Literature search did not identify any data with high level of evidence concerning anesthetic issues of EDS; it is mostly single case reports, case series, narrative reviews and expert opinion. We decided to present the published information and discuss its implications, based clinical heuristics, for providing general, regional and local anesthesia and perioperative care. Recommendations for surgical emergency management, obstetrical care and delivery are published elsewhere [[8],[9],[17]]. Main issues regarding perioperative management in patients with EDS are presented in Table 2 and are discussed in the following section.

Classic EDS commonly presents with various degrees of skin fragility and hyperextensibility, defective wound healing, easy bruising and generalized joint hypermobility. Hypermobile EDS is also characterized by minor but often-recognizable skin anomalies and chronic musculoskeletal pain. Vascular EDS features thin, easily bruised, translucent skin, with very marked fragility of blood vessels. The gastro-intestinal tract and gravid uterus, and, less commonly, lungs, spleen and liver, are prone to spontaneous rupture. The natural history and phenotypic spectrum of the other three major variants and all the emerging ones are less well known, but most share tissue fragility and its complications with the more common subtypes.
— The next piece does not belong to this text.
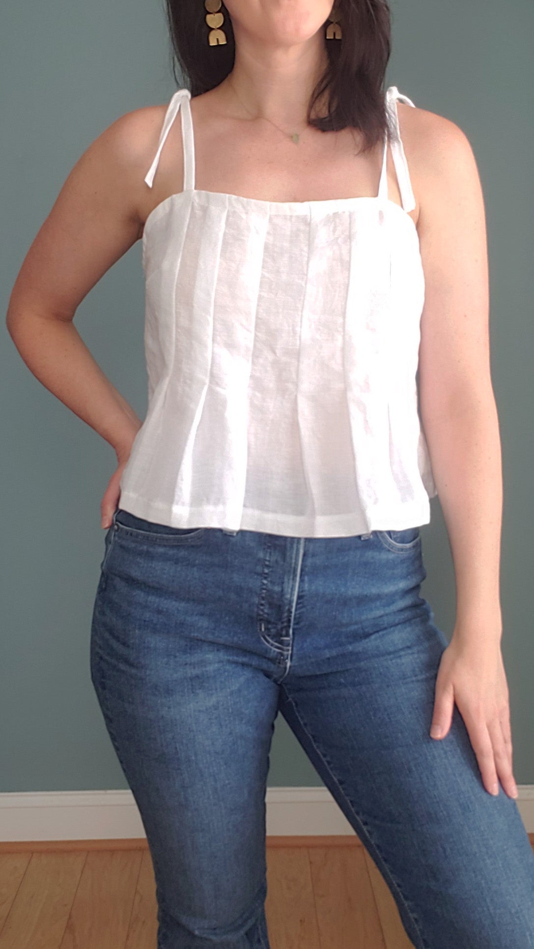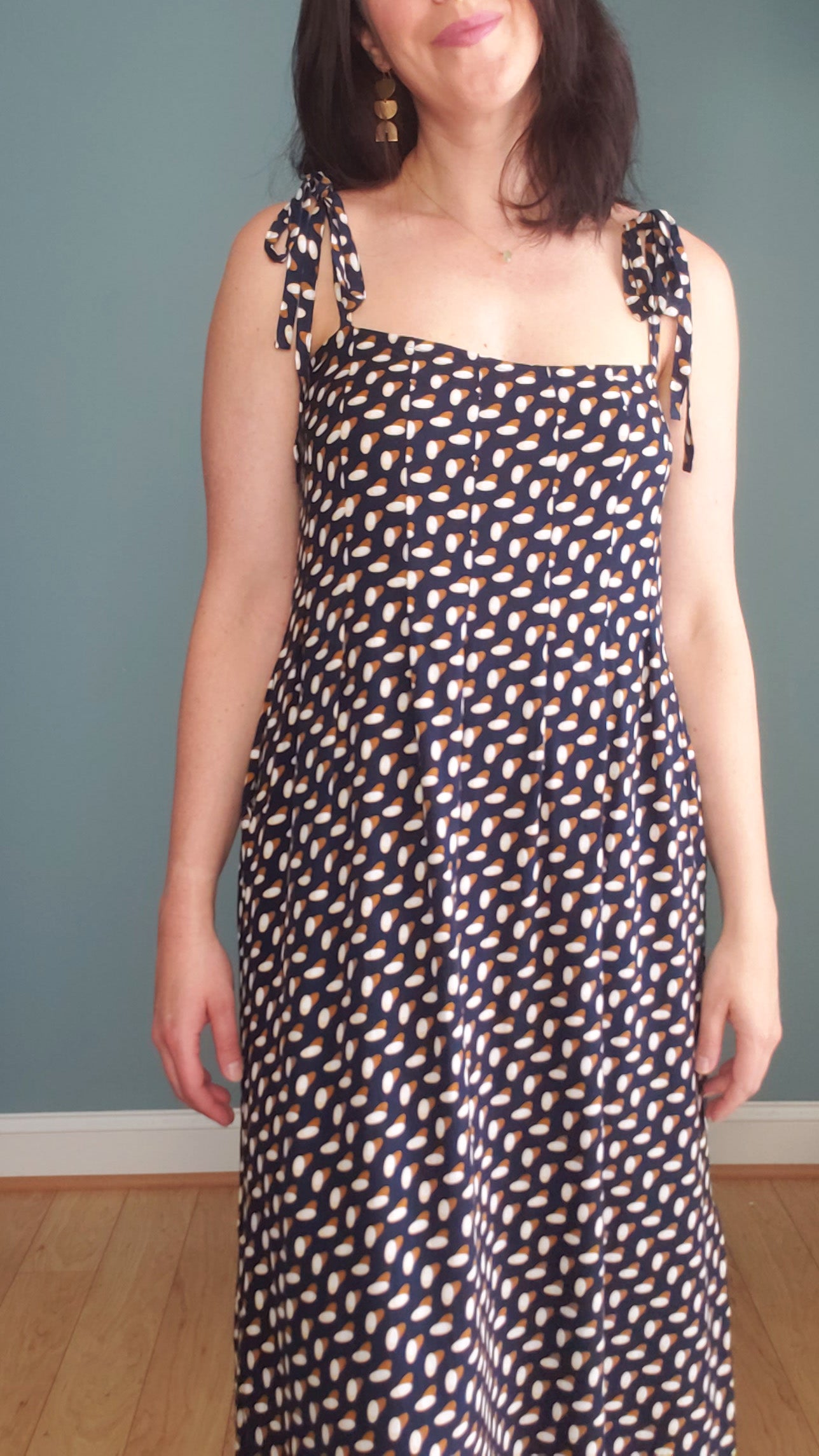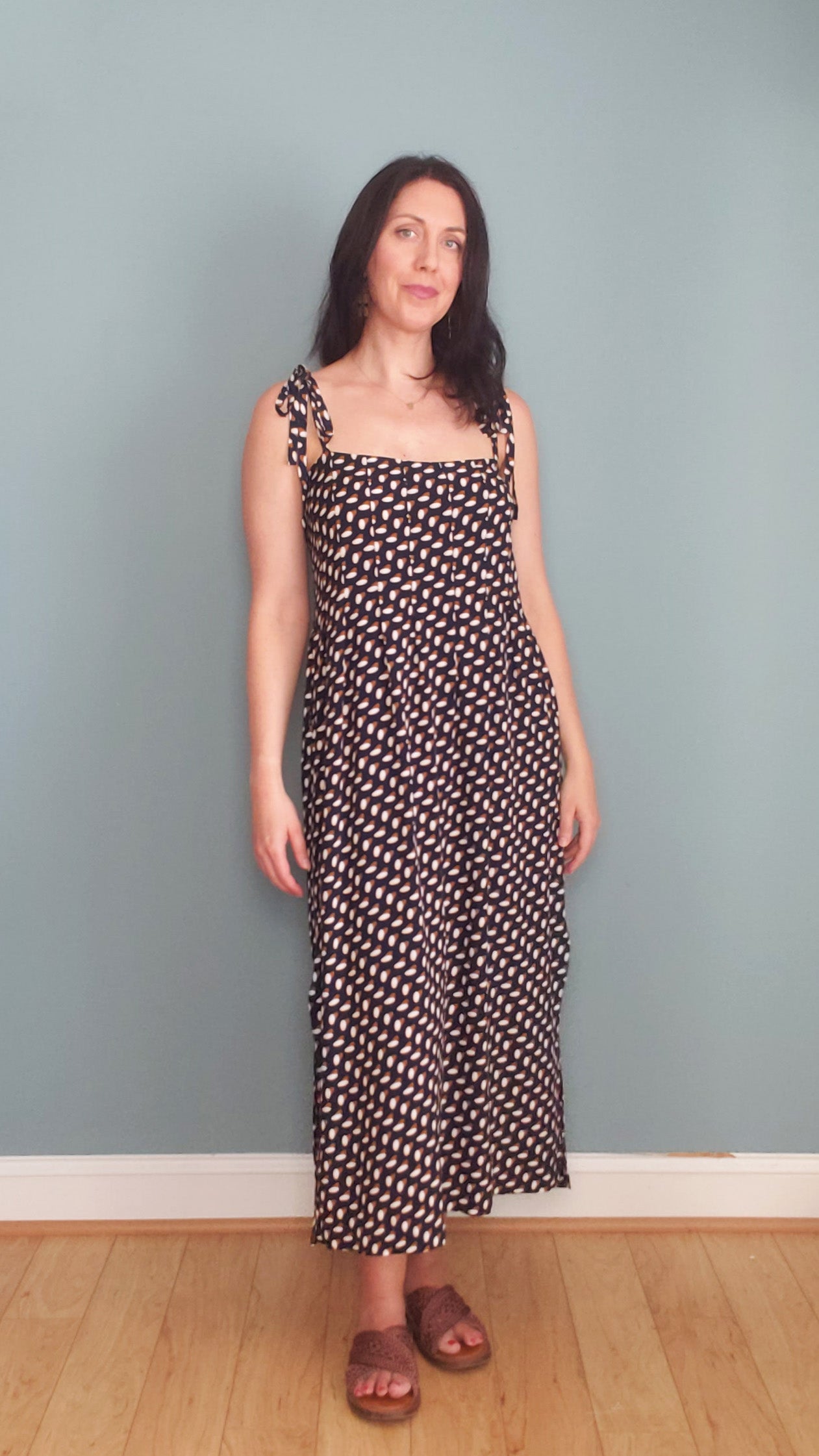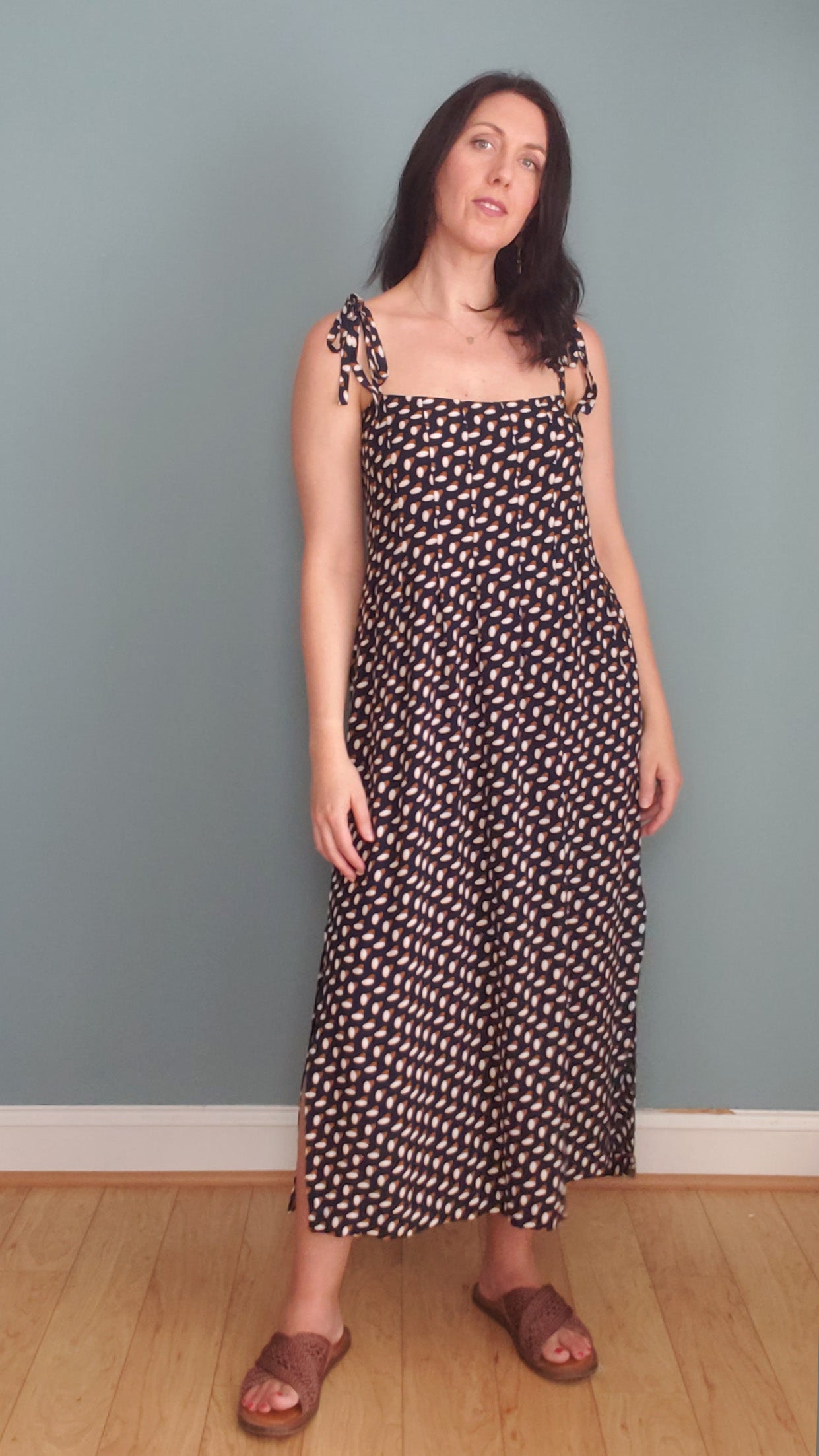 Flora is an easy summer tank or dress with a series of wide tucks across bodice and a flowy skirt. Simple straps tie at the shoulder to customize the neckline fit, with the choice of narrow spaghetti-style straps or wider straps for a more bra-friendly option. Versatile enough to wear as a casual day-dress, date-night outfit, or swimsuit cover-up, Flora will be your go-to summer frock.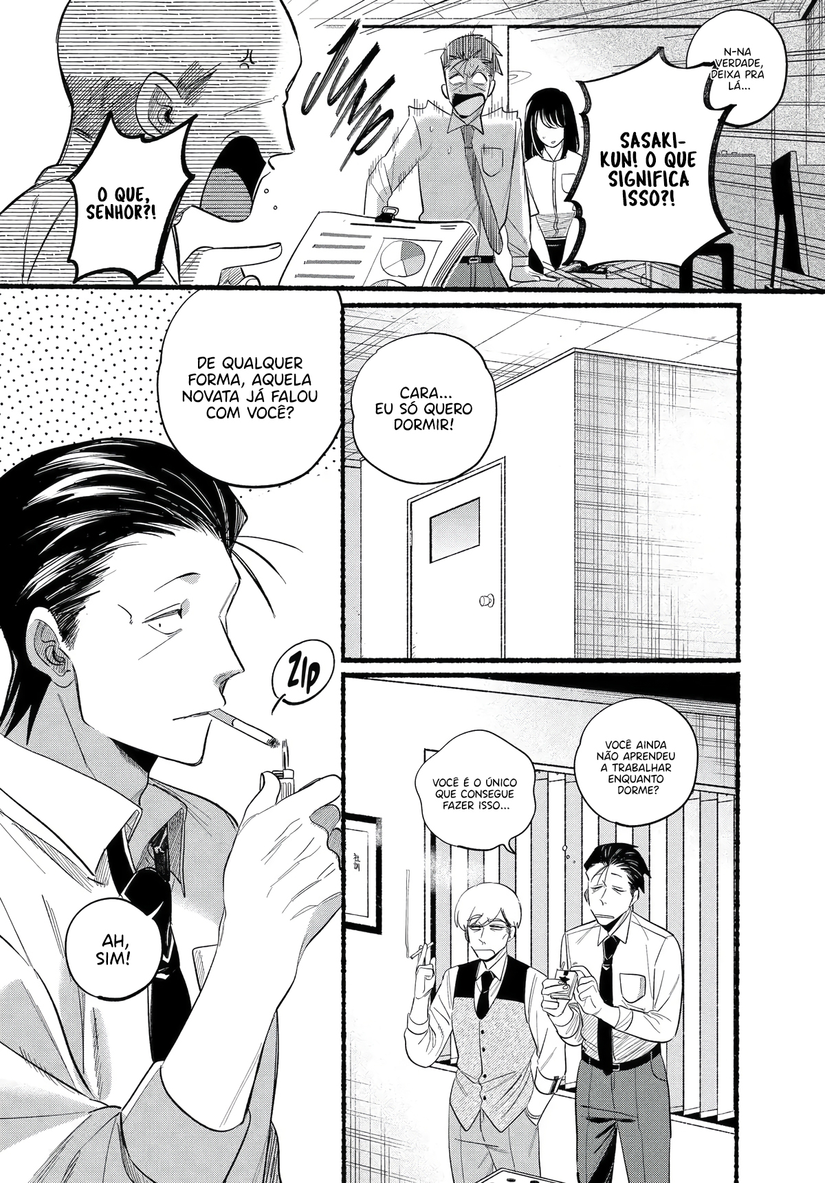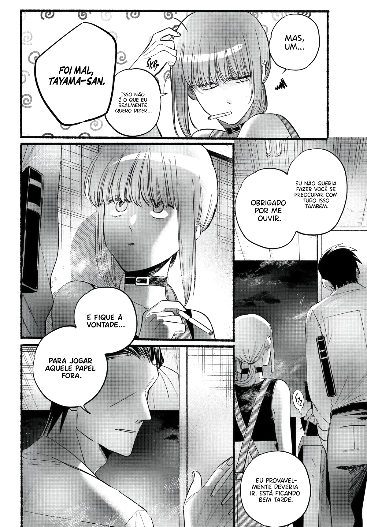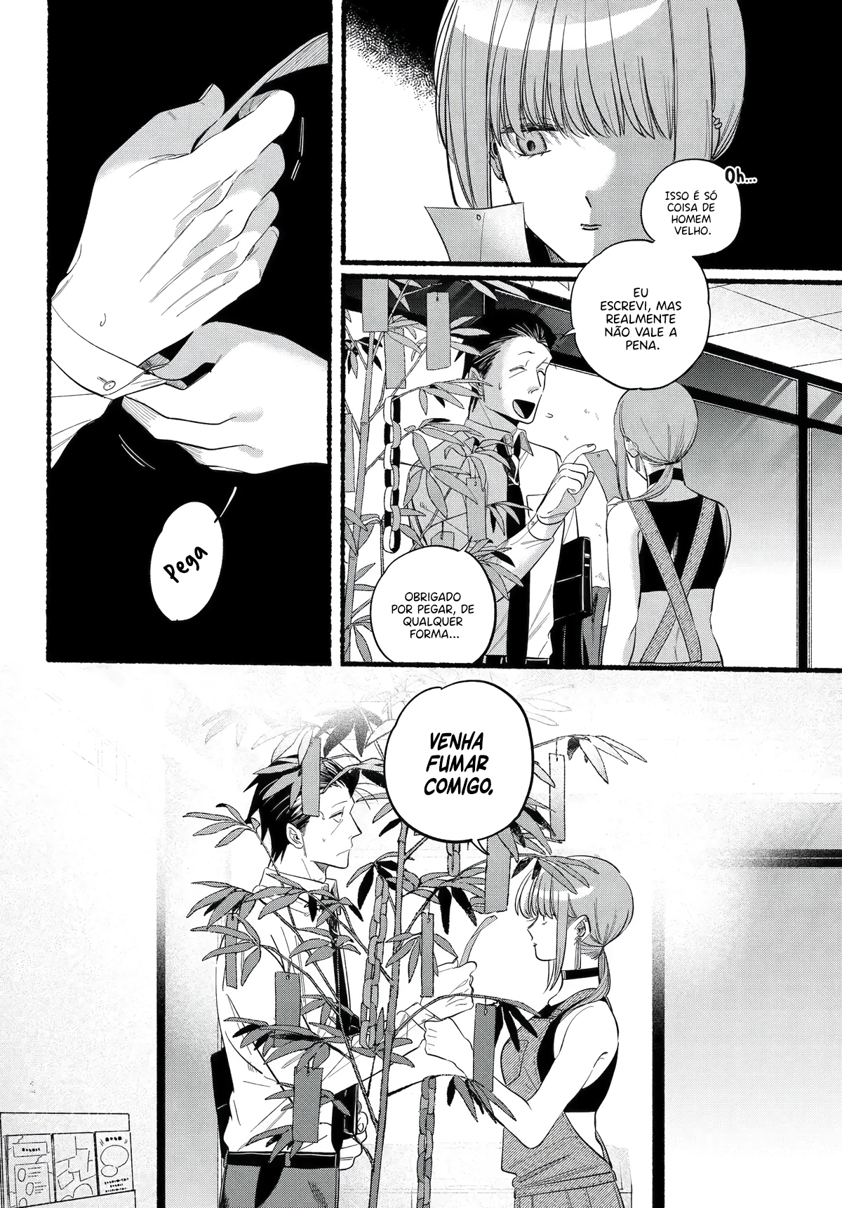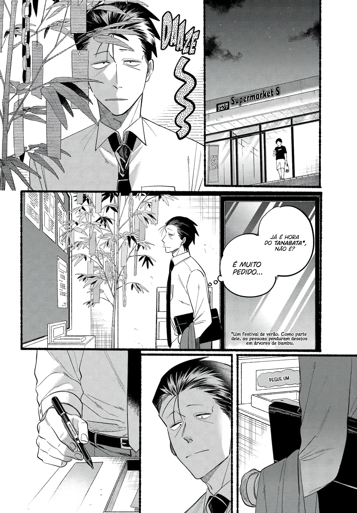 Sasaki, an overworked salaryman, goes through an average stressful day just for a single light at the end of the tunnel: Yamada, the always-cheerful clerk at his favorite convenience store. One day, Sasaki takes an extra amount of time at a company meeting, and by the time he gets to the convenience store Yamada has already clocked out. However, as he leaves, he notices a young woman with piercings smoking behind the store?

Therefore, carrying out a detailed interview and clinical examination as well as contacting the local/regional reference center is essential in order to estimate the individual anesthetic/procedural risks for each patient. Subtype classification, with particular attention to those variants with increased vascular fragility (especially vascular EDS), should be obtained before surgery.

EDS is challenging for the anesthetist, and there is little evidence-based knowledge.

Therefore, a registry for perioperative complications in patients with EDS might help to improve safety for anesthesia and perioperative medicine in this specific population. However, safe anesthesia can be provided with adequate preparations and personal, organizational and technical resources. The above recommendations must be adequately crosschecked for each patient. The authors recommend prospective acquisition of previous anesthesia charts in any specific patient population to make realistic risk estimation with regard to airway difficulties, bleeding complications and neuraxial techniques and complication rates.